Joseph Campana, Co-Principal Investigator
Joseph Campana is a poet, arts writer and scholar of Renaissance literature, with essays on Spenser, Shakespeare, Nashe, Defoe, Middleton, poetry and poetics, and the history of sexuality in PMLA, Modern Philology, ELH, Shakespeare, and elsewhere. He is the author of The Pain of Reformation: Spenser, Vulnerability, and the Ethics of Masculinity (Fordham UP, 2012), the co-editor of Renaissance Posthumanism (Fordham, 2016), and the author of three collections of poetry, The Book of Faces (Graywolf, 2005), Natural Selections (2012), which received the Iowa Poetry Prize, and The Book of Life (Tupelo, 2019). His poems appear in Slate, Kenyon Review, Poetry, Conjunctions, Colorado Review, and many other venues. Individual poems have garnered prizes from Prairie Schooner and The Southwest Review. He has received the Isabel MacCaffrey Essay Prize, the MLA’s Crompton-Noll Award for LGB studies, and grants from the National Endowment for the Arts, The Bread Loaf Writers Conference, and the Houston Arts Alliance. Campana serves as editor of 1500-1659 of Studies in English Literature, 1500-1900, for which he has also edited a series of special issues: “Staging Allegory” (Spring 2015), “After Sovereignty” (Winter 2018), and Shakespeare’s Waters” (Spring 2019). Recently published essays treat a range of figurations of creaturely life in early modern England--busy bees, bleeding trees, and crocodile tears. Current projects include a study of children, futurity, and sovereignty in the works of Shakespeare entitled The Child’s Two Bodies, a two-volume edited collection on Renaissance insect life called Lesser Living Creatures, and a collection of poems entitled Live Oak. His reviews of theater, dance, books, television, and the arts appear in The Kenyon Review, The Houston Chronicle, and other venues.

Kathleen Canning, Co-Principal Investigator
Kathleen Canning assumed the position of Dean of the School of Humanities and Andrew W. Mellon Professor of History at Rice University in January 2018. She was previously Sonya O. Rose Collegiate Professor of History and Arthur F. Thurnau Professor of History, Women's Studies and German at the University of Michigan. She chaired the UM History Department from 2013 to 2017 and was founding director of the Eisenberg Institute for Historical Studies.
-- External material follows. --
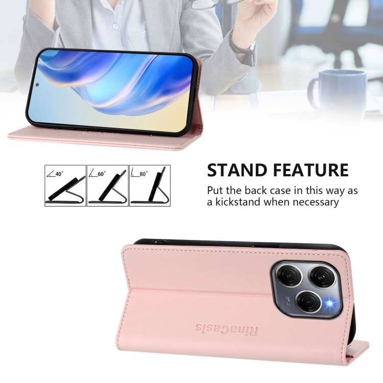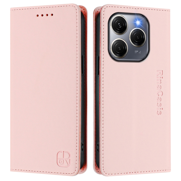 Funda de Cuero con Doble Pliegue y Succión Magnética RFID para Tecno Spark 20 Pro 5G Rc01 (Rosa)
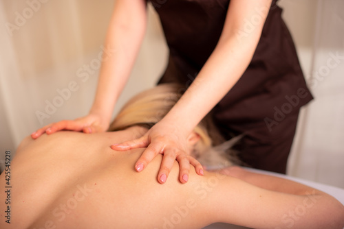 © Arina, Fototapeta premium Close up photo of deep tissue massage. Masseuse doing shoulder and back massage. Client lying and relaxing

She is the author of Languages of Labor and Gender (Cornell 1996) and Gender History in Practice (Cornell 2006) and co-editor of Weimar Publics/Weimar Subjects: Rethinking the Political Culture of Germany in the 1920s (Berghahn 2010). Her current book project is entitled Citizenship Effects: Gender and Sexual Crisis in the Aftermath of War and Revolution in Germany. Since 2011 she has been the editor of the University of Michigan Press series on Social History, Popular Culture and Politics in Germany. At Michigan she received the John D’Arms Award for Distinguished Graduate Mentoring in the Humanities and the Matthews Underclass Teaching Award for her contributions to undergraduate education.

Program Manager


Weston Twardowski, Program Manager

Weston Twardowski is a scholar and artist with an extensive background in non-profit management and community engagement. He holds an Interdisciplinary PhD in Theatre and Drama from Northwestern University. His current research focuses on post-Katrina New Orleans and the role of performance in civic adaptation, racial and environmental justice advocacy, and the creation of networks across disparate organizations and populations. His scholarship examines performance and urbanism, environmental justice, the environmental humanities, especially in a Southern US context, and has been published in TDR: The Drama Review, Theatre Journal, Theatre History Studies, and Ecumenica among other journals. As an artist, he has worked as a professional director, dramaturge, and actor. He co-founded Third Culture Theatre in Los Angeles where he serves as literary manager. He has a passion for developing new works, especially those that address social injustice and issues related to environmentalism and climate justice.